§ To do:
In the material below, find the line that contains "HepG2 cells were derived" and the line that contains "Dans la catégorie", then write out exactly those two lines and everything between them.

(Data to process)

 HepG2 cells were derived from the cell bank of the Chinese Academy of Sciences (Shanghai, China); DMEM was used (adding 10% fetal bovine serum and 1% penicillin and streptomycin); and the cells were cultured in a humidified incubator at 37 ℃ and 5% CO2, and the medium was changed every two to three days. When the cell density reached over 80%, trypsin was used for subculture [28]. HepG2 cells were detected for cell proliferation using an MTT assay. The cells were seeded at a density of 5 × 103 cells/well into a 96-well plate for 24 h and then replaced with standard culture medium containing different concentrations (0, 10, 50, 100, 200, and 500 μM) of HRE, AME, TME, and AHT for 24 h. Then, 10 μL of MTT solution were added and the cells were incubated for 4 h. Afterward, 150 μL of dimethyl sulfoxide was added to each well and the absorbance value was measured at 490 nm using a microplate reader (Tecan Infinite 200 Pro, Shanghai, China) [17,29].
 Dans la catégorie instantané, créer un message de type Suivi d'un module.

(End Data to process)
(Data to process)

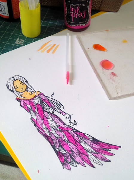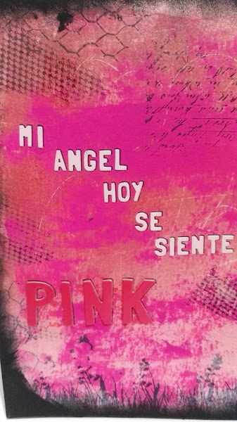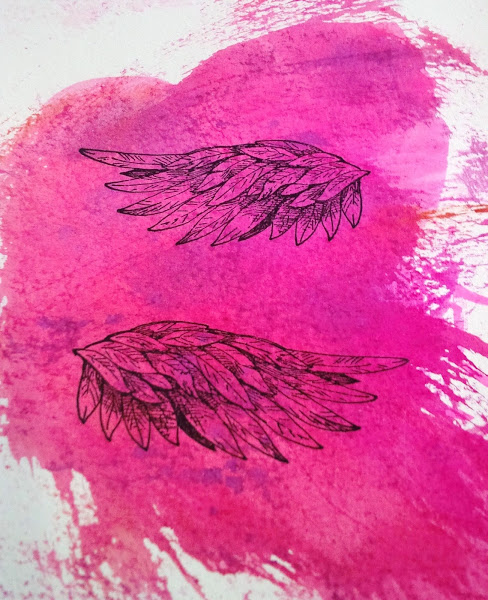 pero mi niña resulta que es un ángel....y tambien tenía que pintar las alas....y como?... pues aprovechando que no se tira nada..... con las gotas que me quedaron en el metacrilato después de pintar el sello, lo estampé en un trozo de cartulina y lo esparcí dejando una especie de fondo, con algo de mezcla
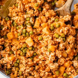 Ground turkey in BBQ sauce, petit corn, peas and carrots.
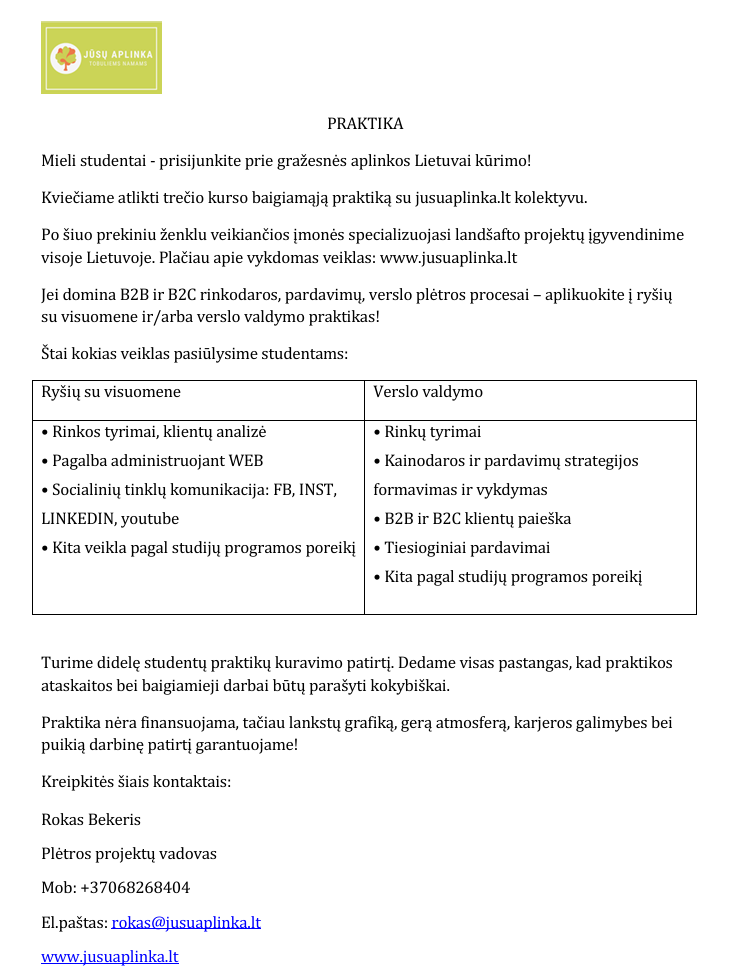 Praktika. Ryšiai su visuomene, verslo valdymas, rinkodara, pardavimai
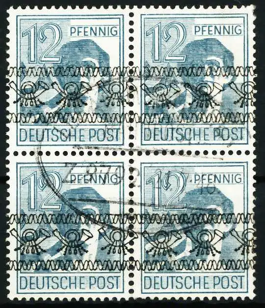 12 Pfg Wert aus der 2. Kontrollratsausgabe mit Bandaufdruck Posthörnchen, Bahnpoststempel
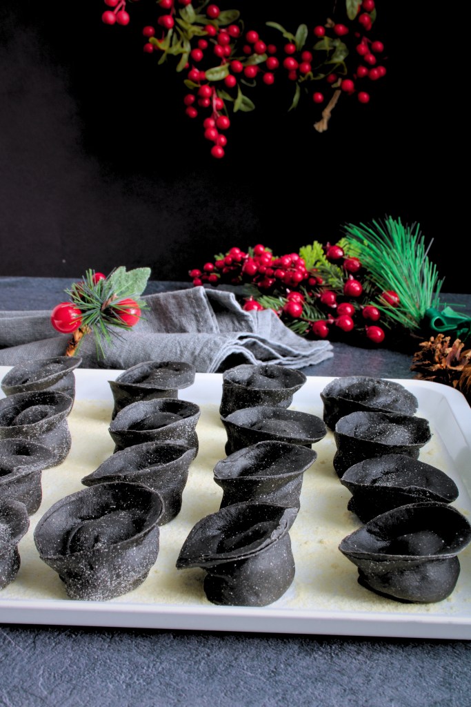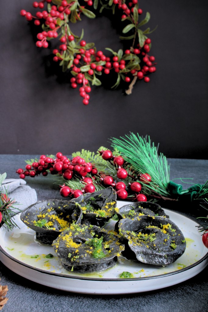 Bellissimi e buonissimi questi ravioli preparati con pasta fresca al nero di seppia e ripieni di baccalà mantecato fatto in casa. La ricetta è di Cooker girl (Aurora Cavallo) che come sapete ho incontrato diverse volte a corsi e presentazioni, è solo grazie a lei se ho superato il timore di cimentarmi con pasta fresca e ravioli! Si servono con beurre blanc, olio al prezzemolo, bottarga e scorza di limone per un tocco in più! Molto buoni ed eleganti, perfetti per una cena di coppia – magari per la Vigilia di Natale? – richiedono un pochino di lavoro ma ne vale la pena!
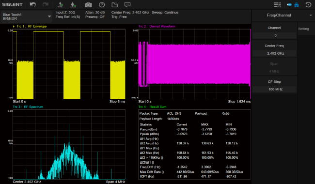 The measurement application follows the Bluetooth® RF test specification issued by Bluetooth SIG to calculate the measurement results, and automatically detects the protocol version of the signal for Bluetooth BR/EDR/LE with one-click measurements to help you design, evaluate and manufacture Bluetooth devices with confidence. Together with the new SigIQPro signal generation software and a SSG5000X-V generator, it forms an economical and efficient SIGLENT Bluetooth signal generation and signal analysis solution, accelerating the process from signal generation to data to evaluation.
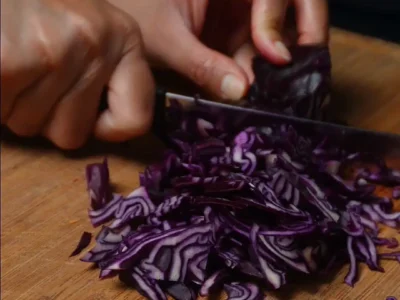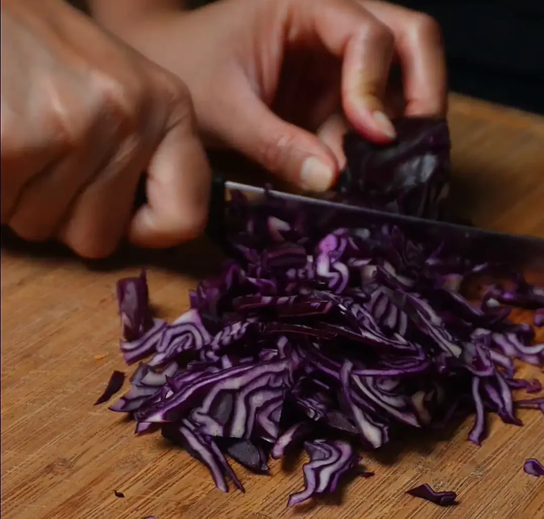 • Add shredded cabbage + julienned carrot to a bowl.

(End Data to process)

§ Reply:
 HepG2 cells were derived from the cell bank of the Chinese Academy of Sciences (Shanghai, China); DMEM was used (adding 10% fetal bovine serum and 1% penicillin and streptomycin); and the cells were cultured in a humidified incubator at 37 ℃ and 5% CO2, and the medium was changed every two to three days. When the cell density reached over 80%, trypsin was used for subculture [28]. HepG2 cells were detected for cell proliferation using an MTT assay. The cells were seeded at a density of 5 × 103 cells/well into a 96-well plate for 24 h and then replaced with standard culture medium containing different concentrations (0, 10, 50, 100, 200, and 500 μM) of HRE, AME, TME, and AHT for 24 h. Then, 10 μL of MTT solution were added and the cells were incubated for 4 h. Afterward, 150 μL of dimethyl sulfoxide was added to each well and the absorbance value was measured at 490 nm using a microplate reader (Tecan Infinite 200 Pro, Shanghai, China) [17,29].
 Dans la catégorie instantané, créer un message de type Suivi d'un module.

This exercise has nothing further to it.